-------- THE DATA --------

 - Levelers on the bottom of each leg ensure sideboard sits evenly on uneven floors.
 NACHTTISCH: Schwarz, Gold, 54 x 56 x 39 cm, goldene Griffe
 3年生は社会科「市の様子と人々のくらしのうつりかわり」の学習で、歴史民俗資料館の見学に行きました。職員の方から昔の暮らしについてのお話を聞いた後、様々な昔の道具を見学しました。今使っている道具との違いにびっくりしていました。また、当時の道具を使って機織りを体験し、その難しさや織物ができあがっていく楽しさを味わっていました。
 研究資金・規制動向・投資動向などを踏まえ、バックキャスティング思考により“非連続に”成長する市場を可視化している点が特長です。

--------
-------- THE DATA --------

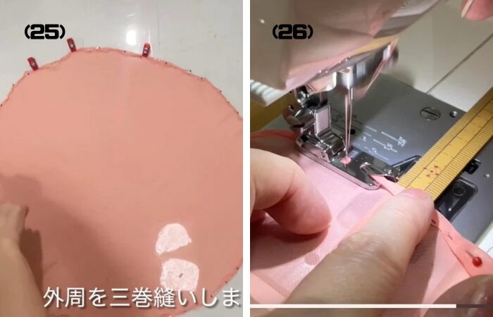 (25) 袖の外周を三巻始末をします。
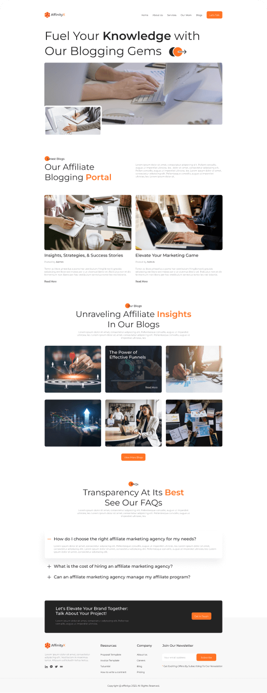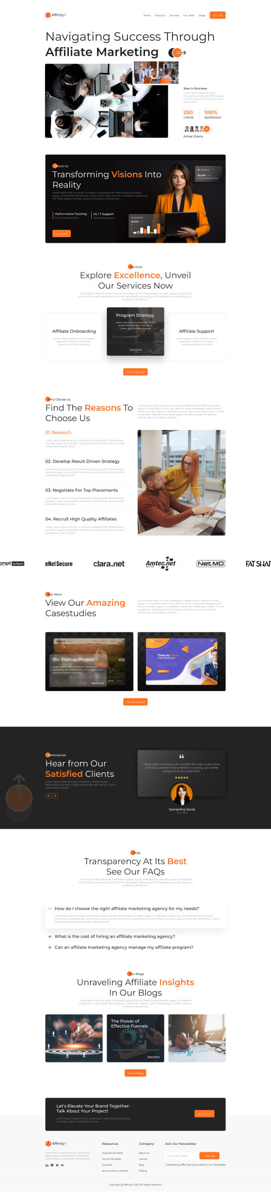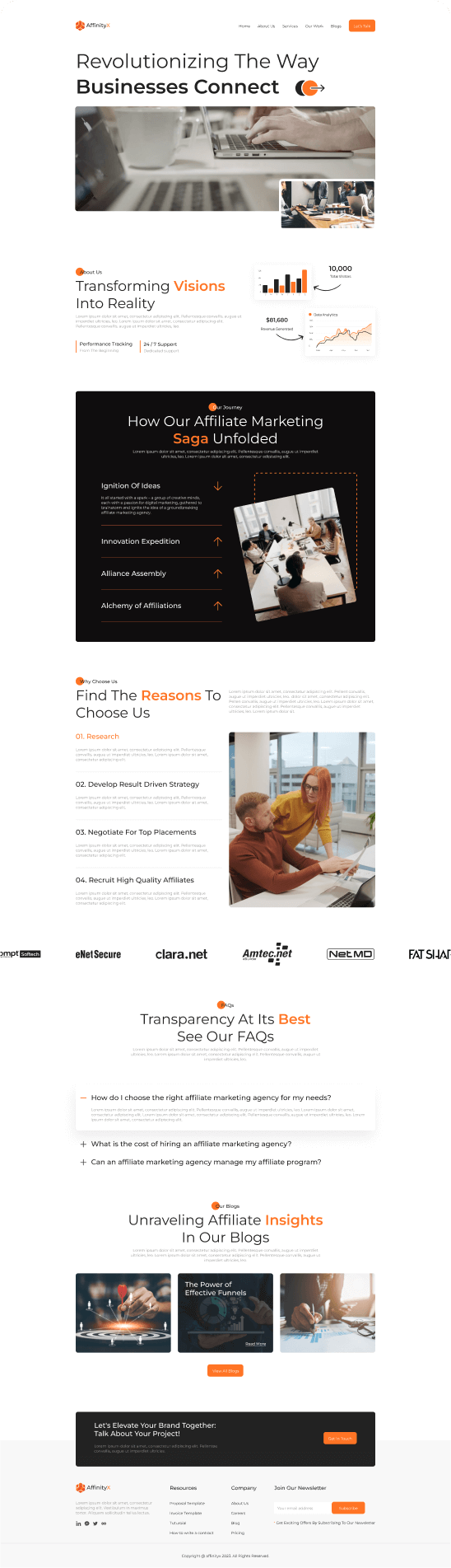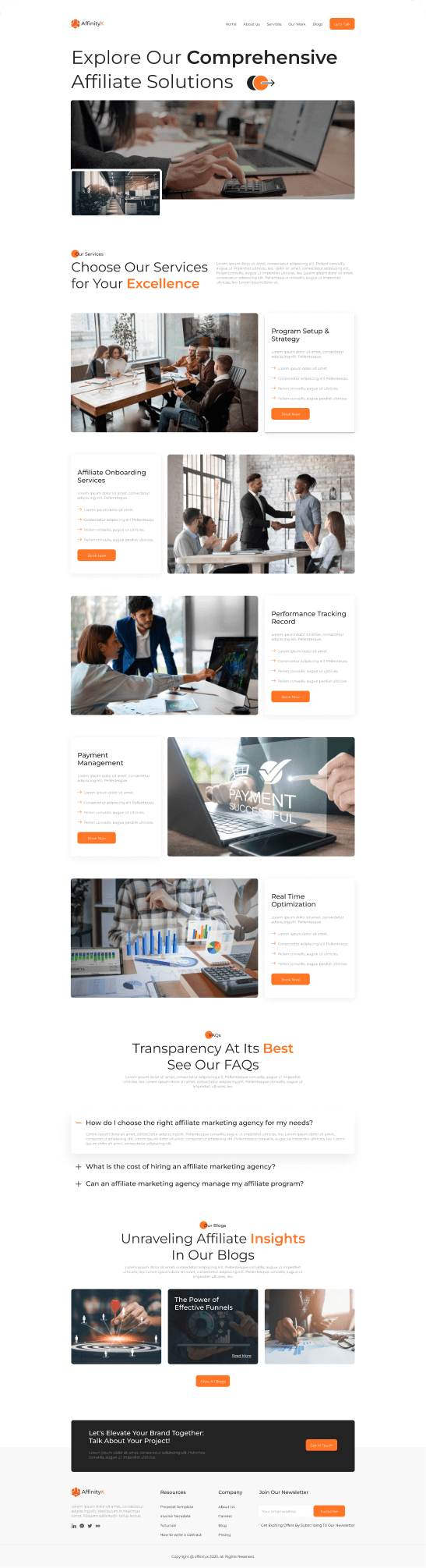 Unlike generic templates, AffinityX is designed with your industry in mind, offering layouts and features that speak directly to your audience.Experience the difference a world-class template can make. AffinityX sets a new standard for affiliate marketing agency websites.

--------
-------- THE DATA --------

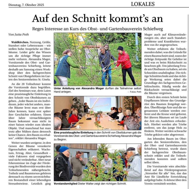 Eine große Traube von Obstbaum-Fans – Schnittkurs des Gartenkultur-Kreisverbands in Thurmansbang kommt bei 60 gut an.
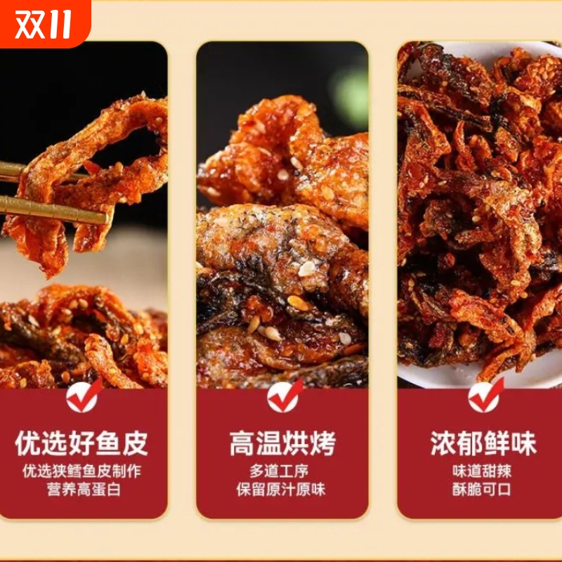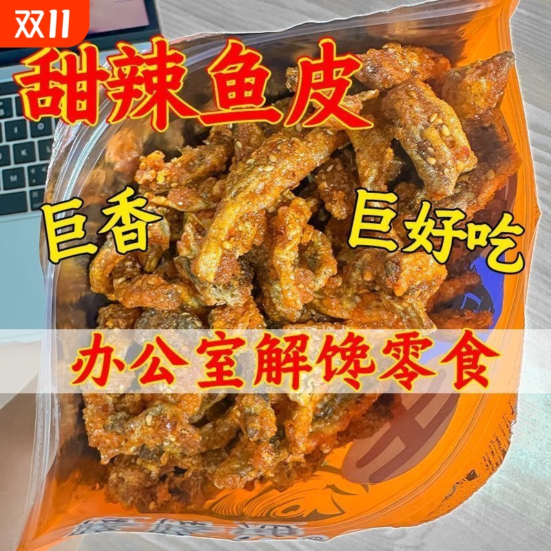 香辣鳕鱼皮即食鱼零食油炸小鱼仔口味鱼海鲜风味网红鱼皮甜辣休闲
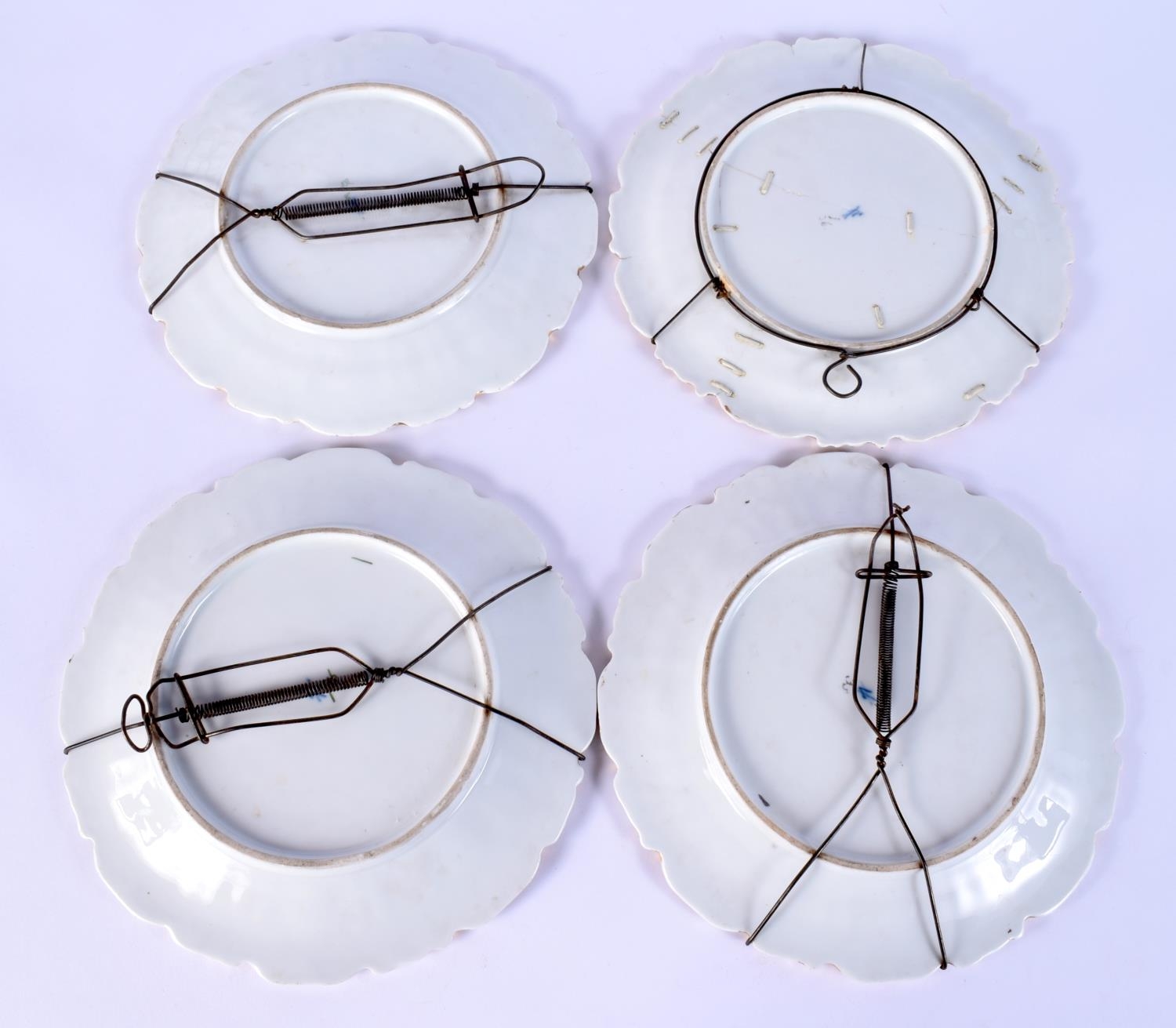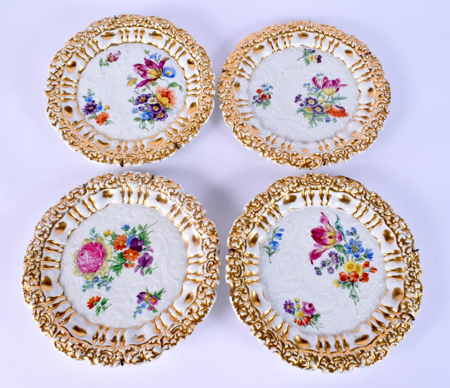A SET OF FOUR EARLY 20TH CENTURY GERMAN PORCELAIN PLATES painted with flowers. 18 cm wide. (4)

--------

WHAT THE EXERCISE ASKS:
Only the lines above starting at the line that holds "NACHTTISCH: Schwarz, Gold, 54" and ending at the line that holds "研究資金・規制動向・投資動向" are to be repeated, exactly and in full.

RESPONSE FOR THIS EXERCISE:
 NACHTTISCH: Schwarz, Gold, 54 x 56 x 39 cm, goldene Griffe
 3年生は社会科「市の様子と人々のくらしのうつりかわり」の学習で、歴史民俗資料館の見学に行きました。職員の方から昔の暮らしについてのお話を聞いた後、様々な昔の道具を見学しました。今使っている道具との違いにびっくりしていました。また、当時の道具を使って機織りを体験し、その難しさや織物ができあがっていく楽しさを味わっていました。
 研究資金・規制動向・投資動向などを踏まえ、バックキャスティング思考により“非連続に”成長する市場を可視化している点が特長です。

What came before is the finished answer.